Almost exactly a year before his death Marley had played an open air concert at London’s Crystal Palace Bowl. It was a warm late spring day and a handful of fans had waded into the water infront of the stage to get a better view of the man The Wailers addressed as ‘Skip’. By then his dreadlocks were waist length and I can see them now fanning out like some exotic headdress as he danced to ‘this drumbeat, as it beats within. Playing a rhythm. Resisting against the system…’

I decided to join them in the water. I had my camera with me and soon I found what I took to be a milk crate beneath me in the murky pool. It would stabilise me head and shoulders above the others while I focused my lens on the star. 
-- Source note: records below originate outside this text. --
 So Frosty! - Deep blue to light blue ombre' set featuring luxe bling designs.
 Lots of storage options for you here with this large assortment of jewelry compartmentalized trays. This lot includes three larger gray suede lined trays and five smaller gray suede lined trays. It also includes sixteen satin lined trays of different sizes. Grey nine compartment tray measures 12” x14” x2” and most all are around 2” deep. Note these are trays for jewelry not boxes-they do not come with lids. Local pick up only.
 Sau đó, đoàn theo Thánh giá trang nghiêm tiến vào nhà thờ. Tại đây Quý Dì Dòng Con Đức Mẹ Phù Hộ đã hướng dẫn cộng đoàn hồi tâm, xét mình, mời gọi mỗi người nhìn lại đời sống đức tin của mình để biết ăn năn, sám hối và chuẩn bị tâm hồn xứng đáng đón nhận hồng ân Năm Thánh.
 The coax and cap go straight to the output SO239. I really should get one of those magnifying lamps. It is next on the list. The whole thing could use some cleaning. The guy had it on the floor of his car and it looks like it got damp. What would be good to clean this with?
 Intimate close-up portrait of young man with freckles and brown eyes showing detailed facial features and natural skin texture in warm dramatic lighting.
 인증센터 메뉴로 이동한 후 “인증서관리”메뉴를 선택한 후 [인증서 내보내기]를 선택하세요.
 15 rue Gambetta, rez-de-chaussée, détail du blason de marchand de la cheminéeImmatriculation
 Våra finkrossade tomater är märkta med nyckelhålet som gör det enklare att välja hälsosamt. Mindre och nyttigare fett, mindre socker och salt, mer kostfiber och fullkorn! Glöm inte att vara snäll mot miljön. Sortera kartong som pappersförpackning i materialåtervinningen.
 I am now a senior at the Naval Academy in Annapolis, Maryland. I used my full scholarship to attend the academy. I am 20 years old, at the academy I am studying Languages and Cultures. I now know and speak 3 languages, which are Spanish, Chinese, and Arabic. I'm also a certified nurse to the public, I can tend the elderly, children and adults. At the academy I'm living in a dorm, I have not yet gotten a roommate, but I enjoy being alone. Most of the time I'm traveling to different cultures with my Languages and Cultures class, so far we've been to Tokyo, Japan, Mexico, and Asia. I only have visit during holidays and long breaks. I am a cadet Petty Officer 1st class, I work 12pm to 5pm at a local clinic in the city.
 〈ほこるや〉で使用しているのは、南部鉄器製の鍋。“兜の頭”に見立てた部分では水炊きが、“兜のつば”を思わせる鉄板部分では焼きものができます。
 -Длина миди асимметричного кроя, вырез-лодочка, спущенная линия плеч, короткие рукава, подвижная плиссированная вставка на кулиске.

My image of Marley in full flight at the Crystal Palace Bowl that day was awarded a full half page in Echoes that week, and there it was accompanied by my report of the event and my byline – centre stage in his museum. During a life in journalism nothing has come even close to matching the feeling of pride triggered that day in Kingston. Most of yesterday’s news winds up in the bin. But not this one. That small shred of shoe and jean sodden work is there forever, for all to see.

And in case you are wondering I ought to have more faith in the Bedford type setters. The May 14, 1981 issue came out with a photograph of Bob Marley and my short report of his death on the front page. John Ettiene and I combined on an extensive four page obituary for the subsequent issue.